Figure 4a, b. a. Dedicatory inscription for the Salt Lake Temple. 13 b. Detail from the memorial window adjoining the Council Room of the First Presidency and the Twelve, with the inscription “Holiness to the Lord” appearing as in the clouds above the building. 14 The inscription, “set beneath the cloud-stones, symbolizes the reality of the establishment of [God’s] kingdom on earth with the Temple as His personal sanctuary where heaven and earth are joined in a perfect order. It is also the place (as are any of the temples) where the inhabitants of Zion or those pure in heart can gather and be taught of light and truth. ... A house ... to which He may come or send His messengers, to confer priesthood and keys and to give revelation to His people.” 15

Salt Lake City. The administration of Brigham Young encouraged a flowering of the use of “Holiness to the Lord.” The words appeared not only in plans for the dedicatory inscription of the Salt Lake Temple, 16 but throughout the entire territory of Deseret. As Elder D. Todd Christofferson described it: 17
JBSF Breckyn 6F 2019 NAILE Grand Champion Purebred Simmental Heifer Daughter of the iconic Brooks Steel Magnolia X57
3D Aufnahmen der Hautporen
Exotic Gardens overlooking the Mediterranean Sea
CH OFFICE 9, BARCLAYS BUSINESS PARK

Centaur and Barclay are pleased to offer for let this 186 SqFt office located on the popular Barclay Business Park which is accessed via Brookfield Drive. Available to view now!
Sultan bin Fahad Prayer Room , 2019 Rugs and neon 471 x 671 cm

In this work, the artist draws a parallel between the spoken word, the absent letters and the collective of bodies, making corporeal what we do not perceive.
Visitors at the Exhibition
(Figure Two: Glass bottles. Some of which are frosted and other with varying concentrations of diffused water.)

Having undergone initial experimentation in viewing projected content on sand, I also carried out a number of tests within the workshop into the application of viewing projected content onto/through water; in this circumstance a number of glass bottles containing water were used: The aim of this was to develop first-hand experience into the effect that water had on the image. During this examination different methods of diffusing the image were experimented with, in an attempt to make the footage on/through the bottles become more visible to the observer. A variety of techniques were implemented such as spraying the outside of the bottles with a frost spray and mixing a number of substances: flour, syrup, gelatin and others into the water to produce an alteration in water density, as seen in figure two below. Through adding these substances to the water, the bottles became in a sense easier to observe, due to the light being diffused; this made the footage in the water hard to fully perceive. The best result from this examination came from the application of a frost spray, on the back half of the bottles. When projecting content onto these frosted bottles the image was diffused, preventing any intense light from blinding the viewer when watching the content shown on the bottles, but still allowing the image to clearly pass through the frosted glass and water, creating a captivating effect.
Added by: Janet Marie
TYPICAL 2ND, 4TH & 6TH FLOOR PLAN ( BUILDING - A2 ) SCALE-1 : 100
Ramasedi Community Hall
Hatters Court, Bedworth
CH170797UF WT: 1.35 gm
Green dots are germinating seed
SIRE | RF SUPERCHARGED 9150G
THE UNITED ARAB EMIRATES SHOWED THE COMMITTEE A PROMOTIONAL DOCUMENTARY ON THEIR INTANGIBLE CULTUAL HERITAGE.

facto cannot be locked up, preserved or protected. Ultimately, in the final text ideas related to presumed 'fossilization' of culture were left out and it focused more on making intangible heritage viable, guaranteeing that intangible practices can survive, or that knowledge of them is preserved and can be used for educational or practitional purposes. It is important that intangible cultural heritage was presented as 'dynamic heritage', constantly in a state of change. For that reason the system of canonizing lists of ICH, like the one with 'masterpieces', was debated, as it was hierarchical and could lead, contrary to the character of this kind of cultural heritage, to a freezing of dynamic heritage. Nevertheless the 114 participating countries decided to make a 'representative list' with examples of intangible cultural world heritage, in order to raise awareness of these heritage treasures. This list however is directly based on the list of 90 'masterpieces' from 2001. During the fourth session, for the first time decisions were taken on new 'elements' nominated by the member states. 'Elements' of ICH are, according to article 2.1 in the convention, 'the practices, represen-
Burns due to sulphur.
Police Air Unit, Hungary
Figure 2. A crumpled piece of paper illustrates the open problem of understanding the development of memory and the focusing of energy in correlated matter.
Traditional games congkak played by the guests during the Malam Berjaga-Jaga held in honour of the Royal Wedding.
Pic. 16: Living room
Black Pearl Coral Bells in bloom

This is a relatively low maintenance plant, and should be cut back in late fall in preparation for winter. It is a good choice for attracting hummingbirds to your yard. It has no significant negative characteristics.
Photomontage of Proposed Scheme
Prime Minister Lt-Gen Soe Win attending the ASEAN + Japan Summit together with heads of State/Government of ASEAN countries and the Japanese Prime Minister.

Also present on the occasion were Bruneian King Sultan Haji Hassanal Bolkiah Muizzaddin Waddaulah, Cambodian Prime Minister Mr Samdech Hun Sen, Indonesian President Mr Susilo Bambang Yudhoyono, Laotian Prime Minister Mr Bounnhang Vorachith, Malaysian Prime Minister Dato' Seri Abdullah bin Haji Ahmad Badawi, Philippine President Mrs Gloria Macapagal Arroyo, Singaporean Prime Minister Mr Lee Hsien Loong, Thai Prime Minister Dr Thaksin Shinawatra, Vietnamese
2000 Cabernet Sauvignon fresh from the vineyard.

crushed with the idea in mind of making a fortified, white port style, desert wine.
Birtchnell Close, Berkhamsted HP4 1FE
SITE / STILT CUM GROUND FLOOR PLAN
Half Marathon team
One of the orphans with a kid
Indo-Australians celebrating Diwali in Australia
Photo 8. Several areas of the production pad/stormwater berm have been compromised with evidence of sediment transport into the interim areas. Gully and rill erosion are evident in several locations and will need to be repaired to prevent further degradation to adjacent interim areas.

> **What to produce**
Find the word "Prime" in the entries and show each line where it is found.

> **Answer space**
Prime Minister Lt-Gen Soe Win attending the ASEAN + Japan Summit together with heads of State/Government of ASEAN countries and the Japanese Prime Minister.
Also present on the occasion were Bruneian King Sultan Haji Hassanal Bolkiah Muizzaddin Waddaulah, Cambodian Prime Minister Mr Samdech Hun Sen, Indonesian President Mr Susilo Bambang Yudhoyono, Laotian Prime Minister Mr Bounnhang Vorachith, Malaysian Prime Minister Dato' Seri Abdullah bin Haji Ahmad Badawi, Philippine President Mrs Gloria Macapagal Arroyo, Singaporean Prime Minister Mr Lee Hsien Loong, Thai Prime Minister Dr Thaksin Shinawatra, Vietnamese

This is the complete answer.